The one system where we do have data is the Sound Field Enhancement System (SFES), providing a wireless teacher microphone and speakers distributed throughout the room. Unfortunately, I think we need to assess the impact of student-centered learning on those systems. We need to review that the studies indicating improvement in learner academic achievement date from 1981 through 1993. We need to take into consideration the instructional delivery environment of that era. Specifically, everything was teacher-centered; the teacher functioned as the information-gatekeeper with learners required to sit quietly in neat orderly rows. I would suggest that 90 percent of the time when someone talked in the classroom, it was the teacher speaking.
So, we had the traditional “lecture” style of instructional delivery. Yes, the teacher with a wireless microphone and speakers distributed in the ceiling will enable learners with auditory issues to clearly understand what the teacher is saying. Simply being able to hear the information delivered by the teacher or instructions regarding student activities would have a huge impact on academic achievement. When you go back and look at the studies, the first one was sort of accidental. A system was placed in a classroom to enable a student with auditory problems to hear clearly and they conducted pre/post installation analysis. Surprise! The academic achievement for all students went up. Larger and more comprehensive tests with control groups were conducted and they confirmed the increases in academic achievement for all students when a SFES was installed.
Now we need to move forward to current instructional delivery requirements. The new curriculums and associated teacher/principal evaluation programs adopted by all U.S. states and territories essentially require instruction to move to student-centered learning. Student-centered learning is a fairly radical departure from a teacher-centered learning environment. In fact, most teacher evaluation systems rank the instructor as “inadequate” if the majority of the instructional activities taking place in their classroom are lectures. If the teacher is not lecturing, what is actually happening in the classroom?

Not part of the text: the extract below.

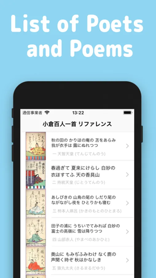 This app is easy to see poem card of Ogura Hyakunin Isshu.
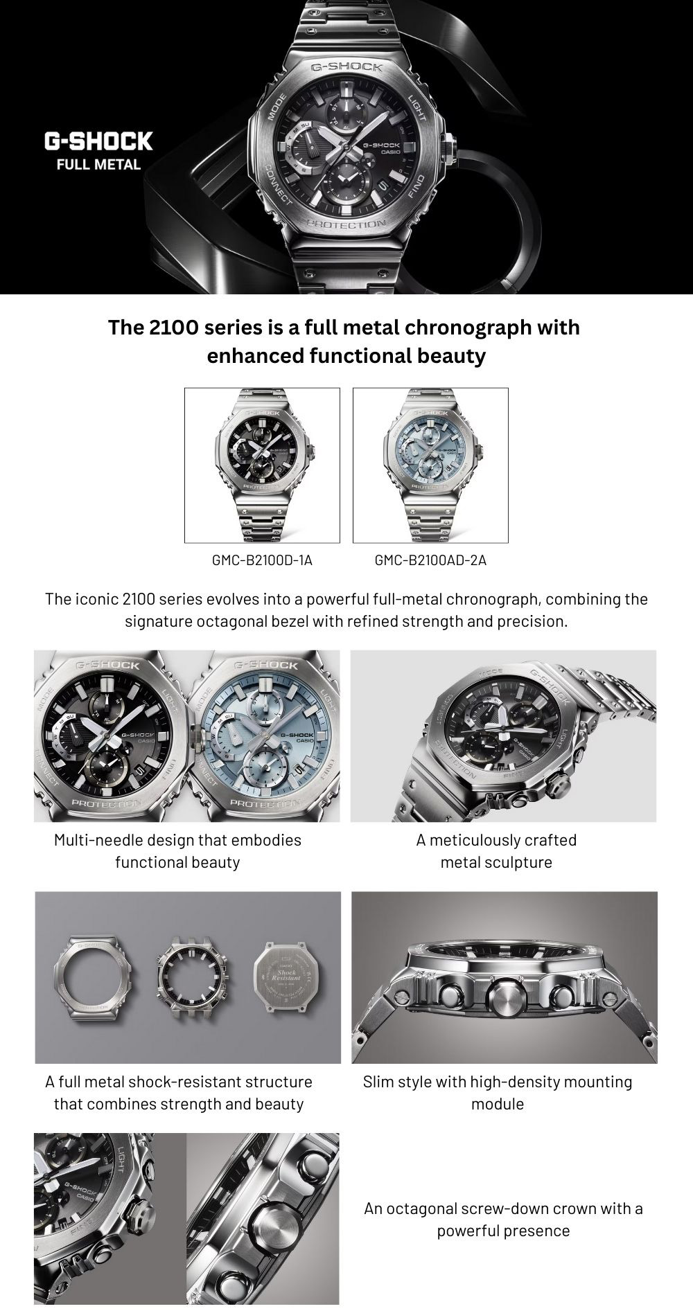 G-Shock GMC-B2100 hadirkan jam tangan full-metal chronograph yang kombinasi antara estetika kokoh dan fungsionalitas modern. Desain oktagonal khas DNA G-Shock klasik dipadukan dengan finishing logam presisi yang menciptakan kesan elegan sekaligus tangguh.

It should be a mix of a number of different types of student learning experiences. Some students may be using one-to-one computing devices for self-paced individualized learning. Some students may be working on projects in small groups or participating in dialogue with other students; or all students experiencing the same activity (working in groups) at the same time. With regard to the teacher, they are no longer the information gatekeeper delivering the information, they are the facilitator of activities which enable students to gather and learn the information themselves.
A side note, this is not a free-for-all with students deciding what they want to learn. It is a highly structured set of activities planned by the teacher based on student readiness and the content they are supposed to master.
In this type of learning environment, the amount of time the teacher will be speaking is flipped, compared to the lecture-based delivery system. The teacher will most likely need to address the entire class no more than 10 percent of the instructional period. The very thing which made the SFES valuable — teachers lecturing — is not how today’s classroom is supposed to work. We must question the value of one those systems when the teacher is not the primary deliverer of information. I suspect we will find these systems starting to fall out of favor with teachers; I personally question their value. They simply no longer fit the instructional delivery model of a student-centered learning culture.
One manufacturer has courageously forged ahead and developed a bi-directional system with battery-powered speakers. The teacher can place a speaker with each group of students and either listen or talk to each group of students or talk to all students. It matches the student-centered learning environment. The question will be whether school districts perceive the instructional value of the system equal to the additional cost.